Por un lado contaba con la alegría de tener noticias de su padre, pero esta quedaba atenuada por el hecho de que el artefacto no proporcionaba información alguna sobre si Gardiner Kincaid se encontraba sano y salvo. Por otro, Sarah tenía que tragarse que tanto el cubo como las noticias sobre su padre le llegaran de manos de un completo desconocido. Nunca había oído el nombre de Maurice du Gard, ¿y él pretendía ser un buen amigo de su padre? Si era así, ¿por qué nunca se lo había presentado el viejo Gardiner? Más aún, ¿por qué nunca le habló de él?
De acuerdo con que, en sus incontables viajes por todo el mundo, Gardiner Kincaid había tratado con mucha gente y era imposible que Sarah los conociera a todos, pero no alcanzaba a comprender cómo encajaba con su padre un personaje del talante de Du Gard. ¿Y qué diantre era aquel misterioso artefacto que, supuestamente, le había dejado?
Sarah se sentía molesta por no conocer la respuesta a esas preguntas, pero no conseguía descartarlas por mucho que intentara convencerse de que no hacerlo era ridículo y también infantil. ¿Por qué había accedido a quedarse en Inglaterra para procurar al menos convertirse en una lady respetable? ¡Por su padre! Para complacerlo se había sometido a las obligaciones sociales y había ido a Londres con el firme propósito de honrar el nombre de su padre, pero no lograba reprimir la sensación de que aquello había sido un error…
– Antes ha dicho que mi padre corría un gran peligro -insistió.
– Oui, c'est vrai.
– ¿Cómo lo sabe? Y no me venga otra vez con bolas de cristal…
– Tuve un sueño -respondió Du Gard con voz pastosa.
– A fe mía que sí -replicó Sarah con acritud y señalando la botella medio vacía-. Seguro que suele tenerlos después de echar un mano a mano con el hada verde.
– En la absenta se ocultan algunas verdades -constató Du Gard seriamente, ignorando el tono de reproche del comentario de Sarah-. Pero en este caso no tiene nada que ver. Quizá «sueño» no sea la palabra adecuada. Fue más bien una visión que tuve de su padre…
– ¿Una visión?
– Me asaltó hace unos días, poco antes del inicio de mi actuación. Yo estaba detrás del telón, esperando para entrar en escena, cuando vi a su padre y…
– ¿Sí? -quiso saber Sarah.
– Nada importante. -Du Gard sacudió la cabeza-. No es bueno que la gente sepa demasiado sobre el futuro.
– ¿Y eso lo dice precisamente usted? ¿Un hombre que se gana la vida prediciéndolo?
– Ce n'estpas la méme chose -objetó Du Gard-. Un adivino solo muestra a la gente lo que ya existe. Un vidente es capaz de ver el futuro.
– ¿Y usted es un vidente?
– Al menos, eso parece.
– ¡Maldita sea, Du Gard! -se sulfuró Sarah-. Deje de hablar con enigmas. La situación es demasiado seria.
– Soy consciente de ello, lady Kincaid.

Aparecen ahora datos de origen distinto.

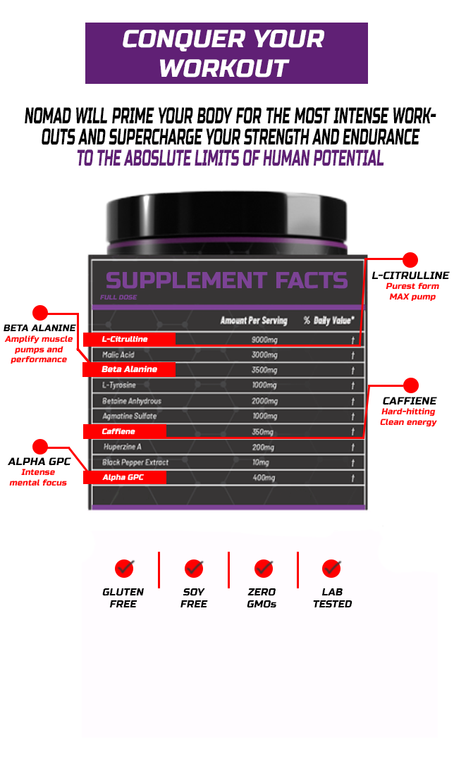 Bri After taking nomad I've seen a big improvement in my workouts. I'm able to lift heavier weights, I'm able to go for longer runs, and I'm just generally feeling more energetic and motivated. I would definitely recommend this product to anyone who is looking for a pre workout supplement that works.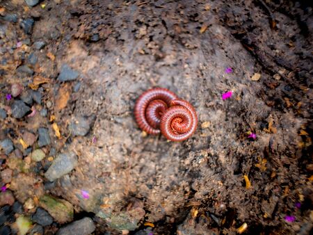 Red millipede on ground close up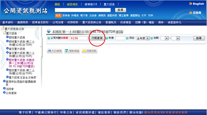 株式コード6259を入力してから、「検索」をクリックしてください。

Y le aseguro que me expresaría con más claridad si pudiera.
– ¿Qué insinúa?
– Que no puedo. No sé de dónde vino la visión. Simplemente, la tuve.
– ¿Quiere decir que simplemente pasó? Du Gard asintió con la cabeza.

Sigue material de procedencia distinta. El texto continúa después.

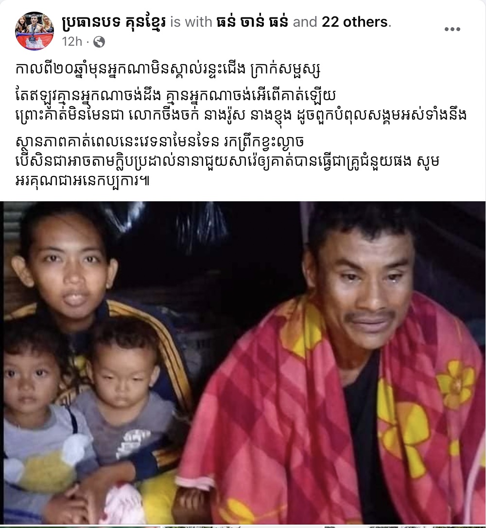 «កាលពី២០ឆ្នាំមុនអ្នកណាមិនស្គាល់រន្ទះជើង ក្រាក់ សម្ផស្ស តែឥឡូវគ្មានអ្នកណាចង់ដឹង គ្មានអ្នកណាចង់អើពើគាត់ឡើយ ព្រោះគាត់មិនមែនជាលោកចីងចក់ នាងរ៉ូស នាងខ្ញុង ដូចពួកបំពុលសង្គមអស់ទាំងនឹង ស្ថានភាពគាត់ពេលនេះវេទនាមែនទែន រកព្រឹកខ្វះល្ងាច បើសិនជាអាចតាមក្លឹបប្រដាល់នានាជួយសារ៉េឲ្យគាត់បានធ្វើជាគ្រូជំនួយផង សូមអរគុណជាអនេកប្បការ»

– Aquel día no había pensado en su padre, ni siquiera me sentía preparado para una revelación del futuro; al fin y al cabo, faltaba poco para mi actuación y estaba totalmente concentrado en otras cosas. Sin embargo, ocurrió; yo tampoco consigo explicármelo. Era real, ¿comprende? ¡Era real!
– Quiere decir que no era como lo que hace en el escenario -concluyó Sarah sin darle tregua.
– Admito que, ante el público, echo mano un poco de aquí y de allá para acrecentar el efecto dramático. Pero aquella visión fue otra cosa. Vi las imágenes con mucha claridad, como si estuviera persiguiendo al dragón, pero estaba completamente sobrio.
– ¿Perseguir al dragón? -Sarah enarcó las cejas-. ¿Se refiere a lo que creo?